Thursday, August 29, 2024

Snakehead By-Catches

 

    I'm on an unbeaten streak. For the past three years, my biggest largemouth of the year has been a Snakehead by-catch. And so far, this hasn't show any signs at slowing down. For 2022 and 2023, a chartreuse buzzbait that I was slow-rolling a top of some weedy patches for dragons has instead looked too tantalizing for a Larry. So far, 2024 has proven no different. 

    The mission for the day was simple: get my buddy Kyle onto his first snakehead ever. Kyle's no stranger to river fishing; he lives by the Delaware and has spent many summer nights soaking chicken livers and cutbait off the docks for catfish and stripers. However, this was going to be his first time on a proper river snakehead hunt. 

    We arrived at a weed-choked backwater about two hours before sunset. A slight trickle of cool river water still flowed into a small section, but most of the spot was lentic and hydrilla-dressed as slow as the dog-days of summer drag by. I put on a black popping frog and began casting up onto the opposing bank, letting my frog crawl back into the water with a splat, hoping for a snakehead to be up on the shore ready to ambush anything that wakes across its path. A deep gurgle on the opposite shoreline later I set the hook into a brick wall. This fish tries to jump and I put the rod tip down and start reeling as fast as I can, dragging up onto the bank not a snakehead but my biggest largemouth of the year and possibly ever. 

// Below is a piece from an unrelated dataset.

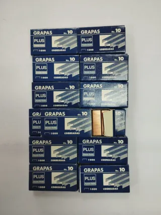 13 cajas de grapas Plus número 10, cobreadas y listas para usar. - Contiene 1000 grapas. - Modelo: Plus No. 10. - Acabado cobreado.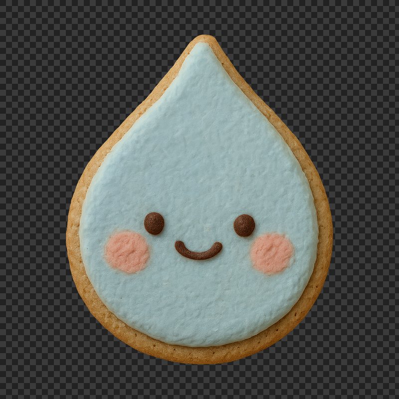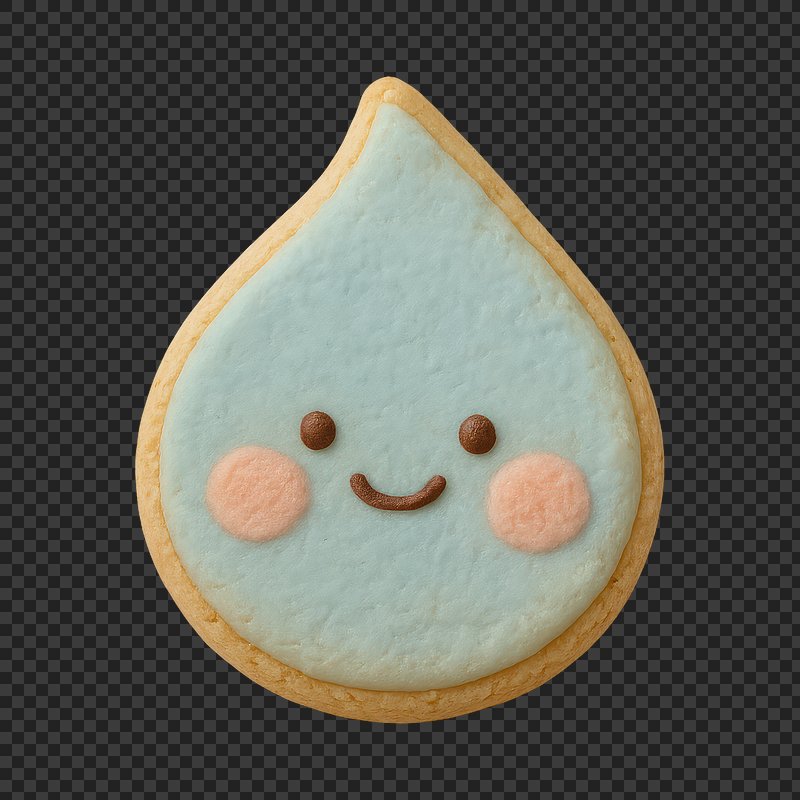 PNG Cute water droplet cookie design. https://www.rawpixel.com/image/24679321/png-cute-water-droplet-cookie-designView license

    As I'm releasing this fish, I turn to see Kyle with a snakehead on the end of the line. He manages to flip the fish up onto the bank, but it does a signature snakehead death-roll back into the water and snaps his line, getting away. 

    I told him not to worry, that I had lost plenty of snakes before I landed my first one, and that I still lose them to this day. This is all true. Snakeheads are tough SOBs with a rock hard jaw that fight dirty. A few weeks prior I lost an absolute giant right next to the bank, one that could have beaten my 31 incher from last year. 

    We continued upriver, stopping along the way to hit a couple striper spots. I made a cast with a topwater behind a river-rock that was creating a current break, a resting spot from the boiling rapids around it. I give the lure a few pops and something tucked up in the break comes out and crushes it, revealing itself to be a quality smallmouth that fought like hell in the current. 


    The sun began to dip down behind Goat Mountain and the golden hour was soon upon us, when the sky turns that beautiful shade of summer blue and gold and purple and the baitfish all turn their attention upwards. Soon, the section we were at was frothing with jumping shadlings, offspring of the American shad that worked so hard to make their river-ward journey in the spring to dance and spawn and die. I managed to pull out one more largemouth on a topwater before it got too dark to see and I had to go home to attend to personal responsibilities I had been putting off. We'll be back for those snakeheads. 








    

Tuesday, August 20, 2024

Appalachian Adventures

 

    The Appalachian Mountains are old, older than you or I, older than language and measurable time. Beneath the mountains contain 1.1 billion years of history, billions of years of rock crashing and grinding and pushing and pulling until eventually, over 2,000 miles of deeply carved peaks were stretched across the American East. And between these mountains are creeks and stories, the deep gurgle of water whispering centuries of folklore both Indian and white settler. Stories of beasts and witches deep in the forest, wendigos and skinwalkers, gods and angels and demons, passions that are excited in the deepest and darkest recesses of the mind when you're walking through the woods by yourself.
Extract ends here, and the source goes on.